» **Exercise goal**
Lines from the opening of the material through the line containing "- Застегивается на" must be duplicated word for word. Pictures are not.

═════ Dataset content ═════

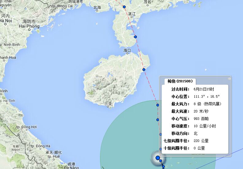 今年第8號(hào)臺(tái)風(fēng)“鯨魚”于今天(21日)上午11點(diǎn)鐘在南海中部海面上生成。逐漸向海南東部至廣東西部沿?拷,并將于22日夜間到23日白天在海南東部至廣東西部沿海登陸,預(yù)計(jì)登陸時(shí)強(qiáng)度為熱帶風(fēng)暴級(jí)(中心最大風(fēng)力8~9級(jí))臺(tái)風(fēng)將帶來(lái)較強(qiáng)降雨。
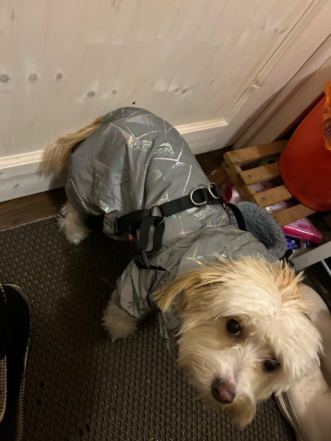 - Застегивается на животе на кнопки – отличный вариант для длинношерстных собак.
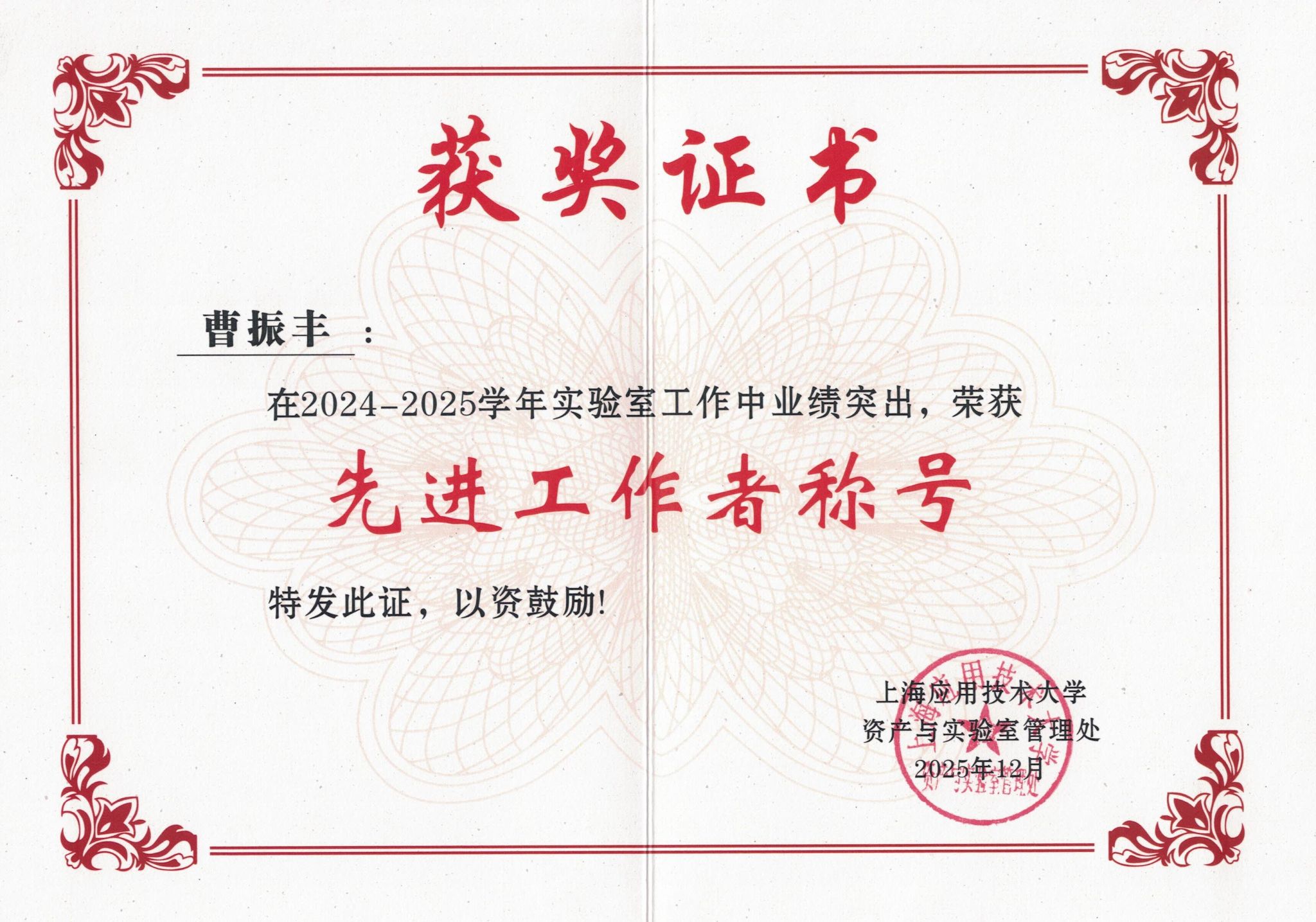 曹振丰具有近十年实验室工作经验,负责多个科研实验室的日常管理与设备维护,保障了实验室安全与设备完好。同时承担重要实验教学任务,并持续参与专业培训,提升业务能力。
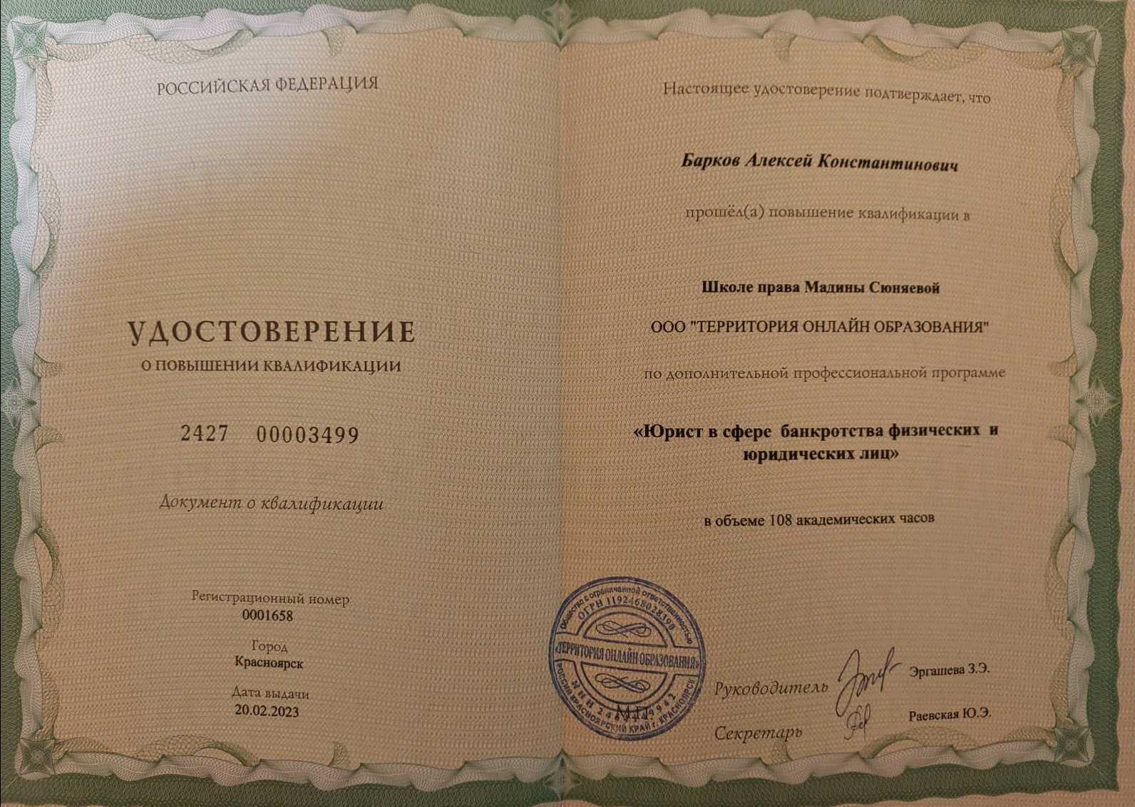 Этот документ, подтверждает, что вашим делом будет заниматься юрист, который изучил курс по государственной программе обучения специалистов для банкротства и обладает всеми необходимыми знаниями.

═════

» **Answer to the problem**
 今年第8號(hào)臺(tái)風(fēng)“鯨魚”于今天(21日)上午11點(diǎn)鐘在南海中部海面上生成。逐漸向海南東部至廣東西部沿?拷,并將于22日夜間到23日白天在海南東部至廣東西部沿海登陸,預(yù)計(jì)登陸時(shí)強(qiáng)度為熱帶風(fēng)暴級(jí)(中心最大風(fēng)力8~9級(jí))臺(tái)風(fēng)將帶來(lái)較強(qiáng)降雨。
 - Застегивается на животе на кнопки – отличный вариант для длинношерстных собак.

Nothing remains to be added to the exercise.